CFRPを徹底解説!特徴や用途だけでなく成形方法まで深掘りして紹介!

  • 公開日:
  • 更新日:

皆様、こんにちは。

群馬県高崎市で表面処理を行っております。株式会社三和鍍金です。

今回は「CFRP(炭素繊維強化プラスチック)」について詳しく紹介していきます。

現代の航空宇宙産業や自動車産業、レジャー・スポーツなど日用品まで多くの産業で「CFRP」が活躍しています。

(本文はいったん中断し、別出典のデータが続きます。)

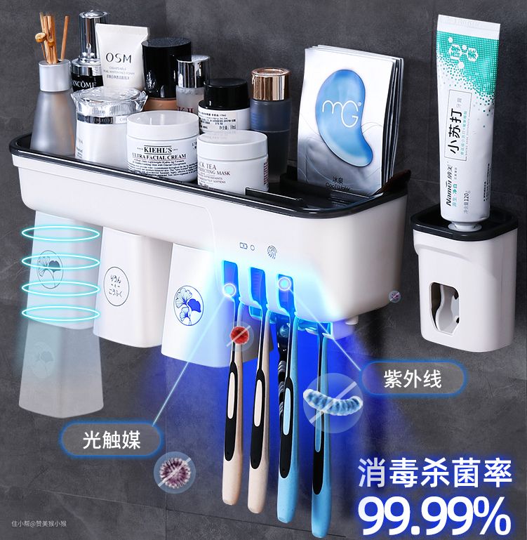 每天早晨都像打仗一样的洗漱准备吗?牙刷在厕所潮湿环境下经常发霉发臭吗?牙膏每次用完了后盖子总是找不到吗?这些日常生活中的常见痛点往往是我们不怎么注意却切切实实会浪费我们每天早晨宝贵时间的一些细节。大部分家庭的厕所都很难做到干湿分离设计,因此牙刷等贴身物品就难以避免的会滋生细菌,从而影响我们的口腔健康。这款天猫精灵智能牙刷消毒置物架就是一款彻底解决以上烦恼的黑科技好物。
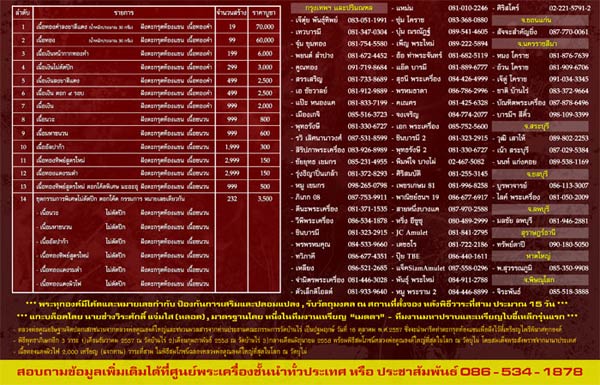 หลังจากที่ได้อัพเดทข้อมูลกันมาอย่างต่อเนื่อง พร้อมกับเสียงตอบรับจากทั่วทุกสารทิศ วันนี้ฤกษ์ดีวันลอยกระทง ขออนุญาตแจ้งข่าววันเปิดจองพร้อมกันทั่วประเทศ ในวันศุกร์ที่ 7 พฤศจิกายน พ.ศ.2557 วันพรุ่งนี้นั่นเองครับ พี่ๆสามารถสั่งจองบูชาได้ตามศูนย์จองที่ได้รับมอบหมายอย่างเป็นทางการทั่วประเทศ ซึ่งทุกๆท่านสามารถไปขอชมไปส่องเหรียญจริงๆ ก่อนตัดสินใจ ได้ที่หน้าร้านของศูนย์จองครับ ^0^ ยังไงก็อย่าพลาดกันนะครับ ขอให้ทุกๆท่านมีความสุขมากๆ ในเทศกาลลอยกระทงปีนี้นะครับบบ
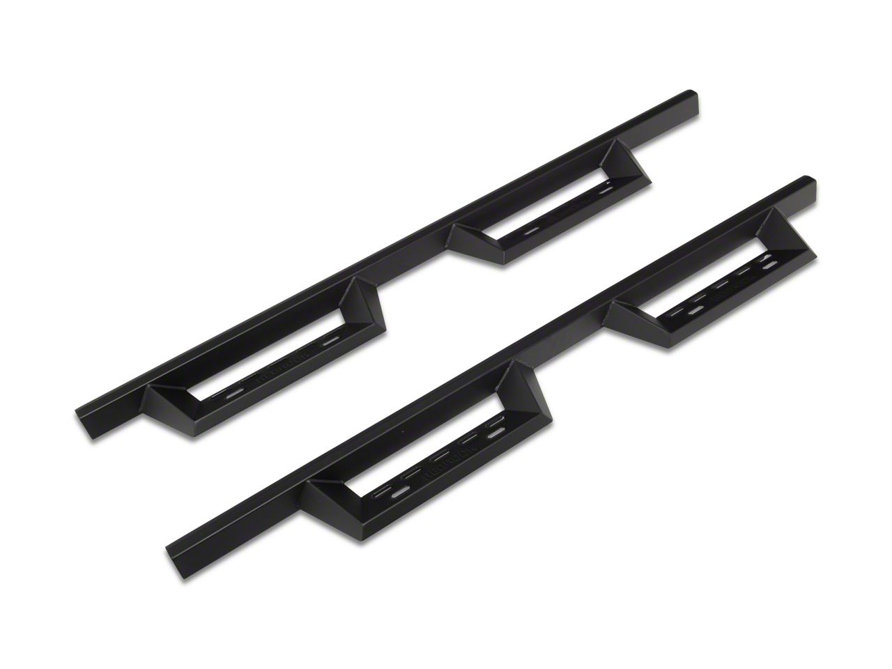 Rugged Steel Construction. RedRock manufactures their Running Boards to precise specifications from heavy duty steel for superior strength and rigidity. RedRock then completes their Running Boards in a high-grade, textured black powder coat finish for long lasting corrosion resistance and rugged good looks.

しかし、 CFRPがどのようなものなのか詳しく知っている方は多くないでしょう。

「CFRPとはどのような材料なのか?」

「どうしてCFRPが幅広い産業で採用されているのか?」

このような疑問にお答えするため、CFRPという材料の内容を深掘りしていきます。

製造業のさらなる可能性の観点から、CFRPの重要性について見ていきましょう。

三和鍍金では金属の表面処理だけでなくCFRPを含む剥離事業も行っておりますので、お気軽にお問い合わせください。

CFRPとは

CFRP(Carbon Fiber Reinforced Plastics)とは、炭素繊維で強化されたプラスチックの複合材料で、独特の構造を持つことから「軽くて強い」素材として広く知られています。

最大の特徴は、軽量でありながら高い強度を持っていることで、金属材料よりも低密度で力学的に優れた比強度を実現可能です。

炭素繊維は非常に細いですが、しっかり強くて軽い素材であり、この繊維を樹脂と組み合わせることで、CFRPはその能力を最大限に発揮します。

CFRPの特長

CFRP(炭素繊維強化プラスチック)は、軽量性と強度、そして多様な物理的特性により、多くの産業で注目されています。

ここでは、CFRPの特長について見ていきましょう。

  • ●優れた強度と軽量性
  • ●高剛性がある
  • ●熱膨張率が低い
  • ●振動減衰性が高い
  • ●対腐食性と耐薬品性が優れている
  • ●対疲労性が高い
  • ●熱伝導性と電気伝導性を持つ
  • ●電磁波遮蔽性を持っている
  • ●X線の透過率が高い

優れた強度と軽量性

鉄の約5分の1、アルミの約2分の1という比重の軽さを持ちながら、機械構造用鉄鋼S45Cの5倍以上の強度を持っている複合材料です。

この卓越した強度は、炭素繊維の種類や含有率、さらには繊維の縦横の配向によってさらに最適化が可能です。

高剛性がある

CFRPは塑性変形せず、弾性域内での曲げに対しても元に戻る性質を持ちます。

これは、薄板の場合に限り、加熱による若干の曲げ修正が可能であることを意味します。

しかし、限度を超えると壊れることがあるので注意が必要です。

熱膨張率が低い

CFRPは熱膨張率が非常に低いため、温度変化による膨張や収縮がほとんどありません

これは、炭素繊維自体がマイナスの膨張係数を持ち、高温では縮む性質と、樹脂がプラスの膨張係数を持つことによる複合効果です。

振動減衰性が高い

CFRPの高弾性率と低比重は、金属よりも大幅に高い比弾性率をもたらし、振動の減衰が素早く行われます。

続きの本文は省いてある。